[Supplied entries — start]

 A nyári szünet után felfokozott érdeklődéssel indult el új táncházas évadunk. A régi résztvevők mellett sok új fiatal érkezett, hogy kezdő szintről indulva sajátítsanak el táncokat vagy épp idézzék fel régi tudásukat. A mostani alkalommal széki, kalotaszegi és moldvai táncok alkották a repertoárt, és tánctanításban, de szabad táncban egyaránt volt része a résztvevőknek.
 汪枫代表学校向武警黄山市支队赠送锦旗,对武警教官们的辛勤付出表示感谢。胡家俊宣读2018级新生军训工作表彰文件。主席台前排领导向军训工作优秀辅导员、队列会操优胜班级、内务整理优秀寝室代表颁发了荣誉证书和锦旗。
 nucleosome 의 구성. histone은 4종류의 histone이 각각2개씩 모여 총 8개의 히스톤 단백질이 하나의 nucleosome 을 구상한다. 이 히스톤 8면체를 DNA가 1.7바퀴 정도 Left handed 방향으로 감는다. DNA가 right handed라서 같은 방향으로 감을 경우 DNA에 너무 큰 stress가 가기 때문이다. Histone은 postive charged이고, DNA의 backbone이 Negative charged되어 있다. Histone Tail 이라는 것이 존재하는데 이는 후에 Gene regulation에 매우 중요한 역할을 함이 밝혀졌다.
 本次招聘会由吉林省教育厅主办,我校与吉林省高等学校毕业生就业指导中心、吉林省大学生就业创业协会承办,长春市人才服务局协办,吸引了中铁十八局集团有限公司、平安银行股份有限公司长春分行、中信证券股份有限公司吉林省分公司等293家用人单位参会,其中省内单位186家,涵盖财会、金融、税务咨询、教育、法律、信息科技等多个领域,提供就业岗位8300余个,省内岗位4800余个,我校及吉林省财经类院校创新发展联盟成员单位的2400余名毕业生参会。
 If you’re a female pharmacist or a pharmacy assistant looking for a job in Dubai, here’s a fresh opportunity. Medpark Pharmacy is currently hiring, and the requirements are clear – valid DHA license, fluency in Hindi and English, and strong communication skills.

[Supplied entries — finish]
[Supplied entries — start]

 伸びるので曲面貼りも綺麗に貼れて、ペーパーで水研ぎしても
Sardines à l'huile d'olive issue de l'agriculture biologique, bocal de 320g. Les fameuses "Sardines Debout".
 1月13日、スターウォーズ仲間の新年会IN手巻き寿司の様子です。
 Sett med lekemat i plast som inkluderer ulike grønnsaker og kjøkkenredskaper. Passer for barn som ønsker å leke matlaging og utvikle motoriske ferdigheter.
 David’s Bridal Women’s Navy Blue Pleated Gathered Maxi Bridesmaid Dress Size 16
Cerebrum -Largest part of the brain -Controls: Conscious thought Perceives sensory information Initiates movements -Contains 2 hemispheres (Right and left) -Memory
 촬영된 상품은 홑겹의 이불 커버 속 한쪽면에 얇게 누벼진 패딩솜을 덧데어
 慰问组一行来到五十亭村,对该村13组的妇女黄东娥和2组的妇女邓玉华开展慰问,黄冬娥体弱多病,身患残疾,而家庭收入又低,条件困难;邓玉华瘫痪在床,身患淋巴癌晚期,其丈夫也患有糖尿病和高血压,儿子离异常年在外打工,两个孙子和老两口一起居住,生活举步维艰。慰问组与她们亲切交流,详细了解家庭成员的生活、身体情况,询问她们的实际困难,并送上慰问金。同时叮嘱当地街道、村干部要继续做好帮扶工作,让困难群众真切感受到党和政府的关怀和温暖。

[Supplied entries — finish]
[Supplied entries — start]

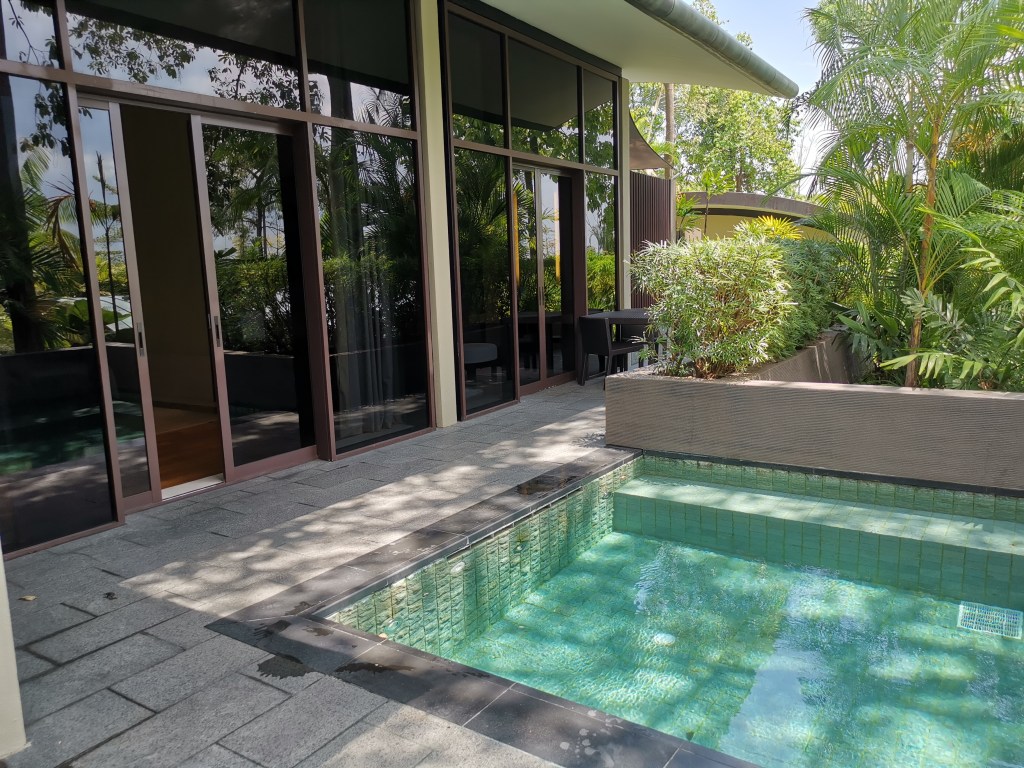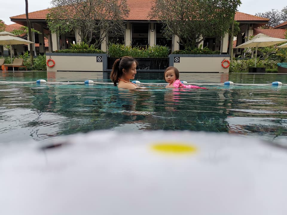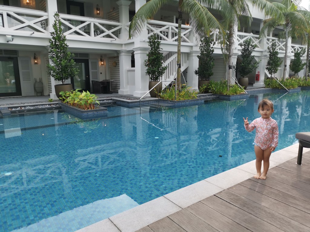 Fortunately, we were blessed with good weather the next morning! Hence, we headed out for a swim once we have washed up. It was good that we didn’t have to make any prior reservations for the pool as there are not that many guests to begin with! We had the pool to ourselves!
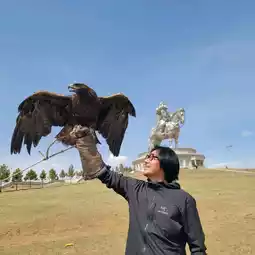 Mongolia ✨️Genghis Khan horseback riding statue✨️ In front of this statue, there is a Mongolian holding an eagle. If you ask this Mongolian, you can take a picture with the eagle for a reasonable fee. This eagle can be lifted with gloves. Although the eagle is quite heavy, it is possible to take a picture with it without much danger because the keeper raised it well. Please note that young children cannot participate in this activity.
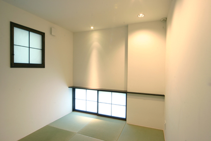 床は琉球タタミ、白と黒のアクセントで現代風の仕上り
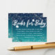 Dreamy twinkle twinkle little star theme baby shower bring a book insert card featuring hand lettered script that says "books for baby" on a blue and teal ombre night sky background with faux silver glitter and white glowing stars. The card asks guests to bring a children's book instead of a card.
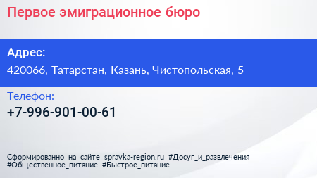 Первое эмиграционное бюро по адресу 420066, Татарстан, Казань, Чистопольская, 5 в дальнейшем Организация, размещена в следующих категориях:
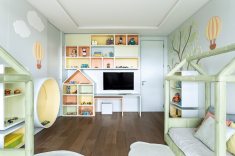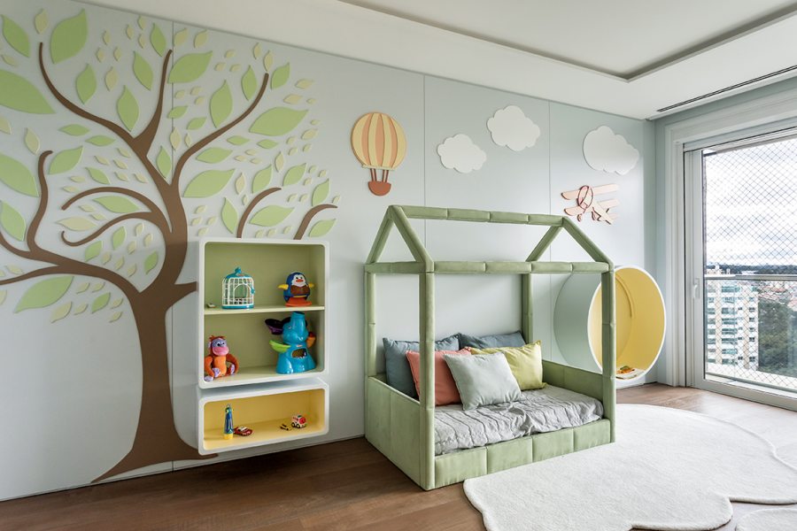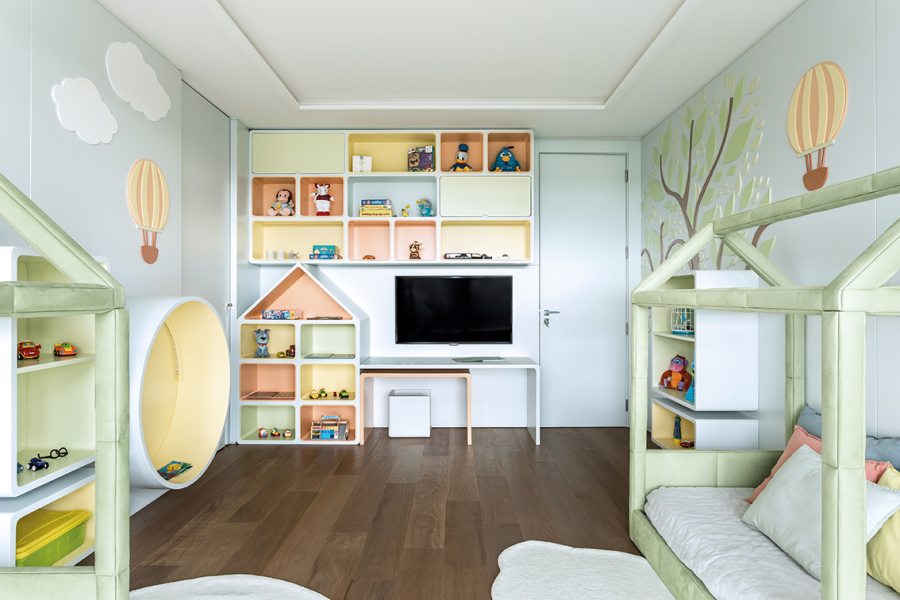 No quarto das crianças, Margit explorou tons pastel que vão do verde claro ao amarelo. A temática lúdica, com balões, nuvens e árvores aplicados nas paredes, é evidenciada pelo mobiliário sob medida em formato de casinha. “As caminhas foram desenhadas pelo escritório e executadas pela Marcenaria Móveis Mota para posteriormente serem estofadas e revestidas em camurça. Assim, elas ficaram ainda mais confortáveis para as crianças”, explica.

[Supplied entries — finish]

# Prompt
In the records above, the line with "David’s Bridal Women’s" marks the start and the line with "慰问组一行来到五十亭村,对该" marks the end; copy that stretch exactly, both lines included, and nothing else.

# Result
 David’s Bridal Women’s Navy Blue Pleated Gathered Maxi Bridesmaid Dress Size 16
Cerebrum -Largest part of the brain -Controls: Conscious thought Perceives sensory information Initiates movements -Contains 2 hemispheres (Right and left) -Memory
 촬영된 상품은 홑겹의 이불 커버 속 한쪽면에 얇게 누벼진 패딩솜을 덧데어
 慰问组一行来到五十亭村,对该村13组的妇女黄东娥和2组的妇女邓玉华开展慰问,黄冬娥体弱多病,身患残疾,而家庭收入又低,条件困难;邓玉华瘫痪在床,身患淋巴癌晚期,其丈夫也患有糖尿病和高血压,儿子离异常年在外打工,两个孙子和老两口一起居住,生活举步维艰。慰问组与她们亲切交流,详细了解家庭成员的生活、身体情况,询问她们的实际困难,并送上慰问金。同时叮嘱当地街道、村干部要继续做好帮扶工作,让困难群众真切感受到党和政府的关怀和温暖。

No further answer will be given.